## YOUR ASSIGNMENT
Make an exact copy of the records, with the images left out.

## DATASET CONTENT
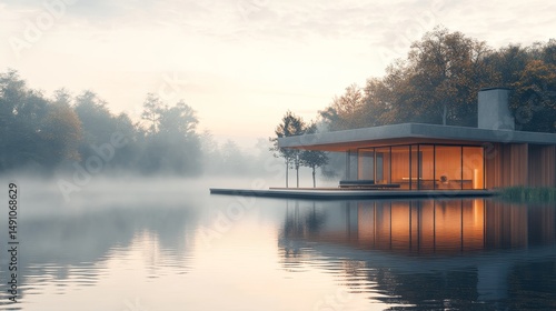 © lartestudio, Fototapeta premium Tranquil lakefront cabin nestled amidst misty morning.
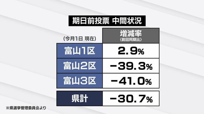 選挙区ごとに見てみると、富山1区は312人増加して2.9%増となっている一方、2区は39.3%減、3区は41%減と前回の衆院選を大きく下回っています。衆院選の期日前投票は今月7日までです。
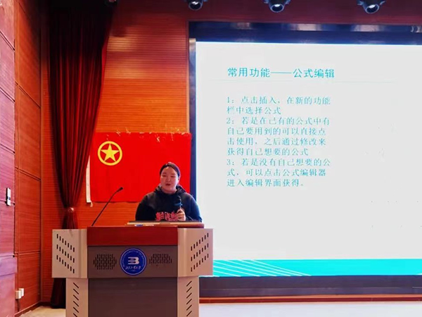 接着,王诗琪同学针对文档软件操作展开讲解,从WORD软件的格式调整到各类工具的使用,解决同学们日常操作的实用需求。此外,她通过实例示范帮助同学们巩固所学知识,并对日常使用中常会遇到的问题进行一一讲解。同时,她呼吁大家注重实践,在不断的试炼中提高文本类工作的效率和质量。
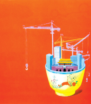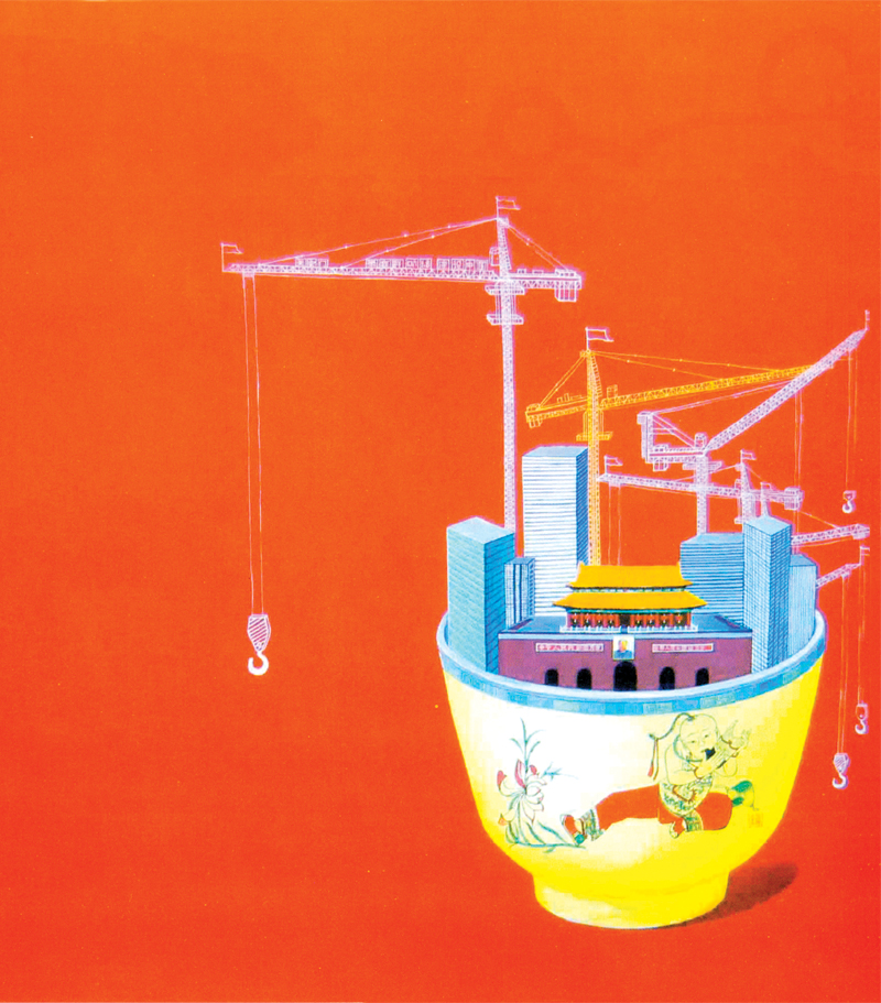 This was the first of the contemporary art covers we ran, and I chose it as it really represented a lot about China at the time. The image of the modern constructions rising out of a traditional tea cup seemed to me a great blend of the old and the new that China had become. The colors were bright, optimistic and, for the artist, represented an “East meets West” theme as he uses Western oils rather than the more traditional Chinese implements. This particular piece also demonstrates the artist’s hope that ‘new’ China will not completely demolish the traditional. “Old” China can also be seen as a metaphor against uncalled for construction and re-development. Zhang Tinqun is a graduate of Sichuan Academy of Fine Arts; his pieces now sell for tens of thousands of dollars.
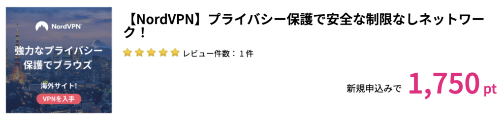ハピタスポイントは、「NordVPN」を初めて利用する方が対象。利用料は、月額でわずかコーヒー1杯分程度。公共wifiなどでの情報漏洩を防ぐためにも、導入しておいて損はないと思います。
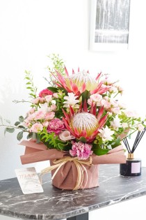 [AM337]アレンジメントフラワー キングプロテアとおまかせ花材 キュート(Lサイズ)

## ANSWER BOX
 © lartestudio, Fototapeta premium Tranquil lakefront cabin nestled amidst misty morning.
 選挙区ごとに見てみると、富山1区は312人増加して2.9%増となっている一方、2区は39.3%減、3区は41%減と前回の衆院選を大きく下回っています。衆院選の期日前投票は今月7日までです。
 接着,王诗琪同学针对文档软件操作展开讲解,从WORD软件的格式调整到各类工具的使用,解决同学们日常操作的实用需求。此外,她通过实例示范帮助同学们巩固所学知识,并对日常使用中常会遇到的问题进行一一讲解。同时,她呼吁大家注重实践,在不断的试炼中提高文本类工作的效率和质量。
 This was the first of the contemporary art covers we ran, and I chose it as it really represented a lot about China at the time. The image of the modern constructions rising out of a traditional tea cup seemed to me a great blend of the old and the new that China had become. The colors were bright, optimistic and, for the artist, represented an “East meets West” theme as he uses Western oils rather than the more traditional Chinese implements. This particular piece also demonstrates the artist’s hope that ‘new’ China will not completely demolish the traditional. “Old” China can also be seen as a metaphor against uncalled for construction and re-development. Zhang Tinqun is a graduate of Sichuan Academy of Fine Arts; his pieces now sell for tens of thousands of dollars.
ハピタスポイントは、「NordVPN」を初めて利用する方が対象。利用料は、月額でわずかコーヒー1杯分程度。公共wifiなどでの情報漏洩を防ぐためにも、導入しておいて損はないと思います。
 [AM337]アレンジメントフラワー キングプロテアとおまかせ花材 キュート(Lサイズ)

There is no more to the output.